Amazon SageMaker HyperPod

Reduce time to train foundation models by up to 40% and scale across more than a thousand AI accelerators efficiently

What is SageMaker HyperPod?

Amazon SageMaker HyperPod removes the undifferentiated heavy lifting involved in building and optimizing machine learning (ML) infrastructure. It is pre-configured with SageMaker’s distributed training libraries that automatically split training workloads across more than a thousand AI accelerators, so workloads can be processed in parallel for improved model performance. SageMaker HyperPod ensures your FM training uninterrupted by periodically saving checkpoints. It automatically detects hardware failure when it happens, repairs or replaces the faulty instance, and resumes the training from the last saved checkpoint, removing the need for you to manually manage this process. The resilient environment allows you to train models for week or months in a distributed setting without disruption, saving training time by up to 40%. SageMaker HyperPod is also highly customizable, allowing you to efficiently run and scale FM workloads and easily share compute capacity between different workloads, from large scale training to inference.

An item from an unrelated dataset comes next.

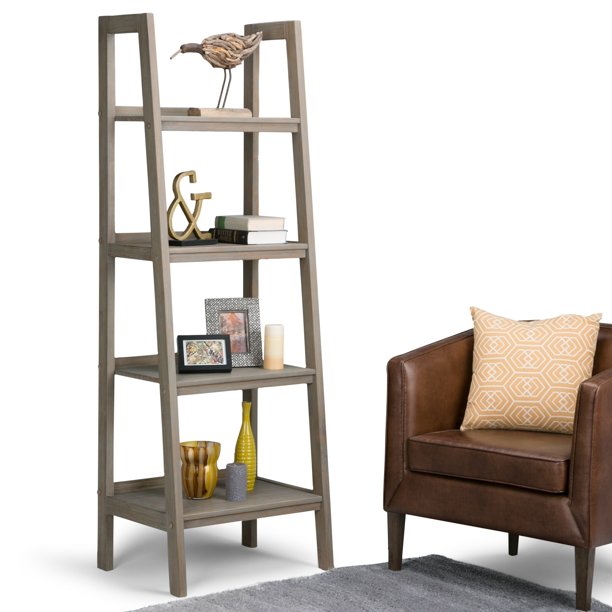 72 Inch Industrial Ladder Bookcase Grey Wash By Walker Edison

Benefits of SageMaker HyperPod

Amazon SageMaker HyperPod is pre-configured with Amazon SageMaker distributed training libraries, allowing you to automatically split your models and training datasets across AWS cluster instances to help you efficiently scale training workloads.
SageMaker HyperPod supports popular cluster management and job scheduling systems such as Slurm and Amazon Elastic Kubernetes Service (EKS). It provides you a superior developer experience, ability to manage containerized apps, dynamic cluster scaling, and cloud native integration as you scale your FM training and inference workloads. In addition, you can seamlessly share resources between training and inference to further optimize resource utilization.
SageMaker HyperPod enables a more resilient training environment by automatically detecting, diagnosing, and recovering from faults, allowing you to continuously train FMs for months without disruption.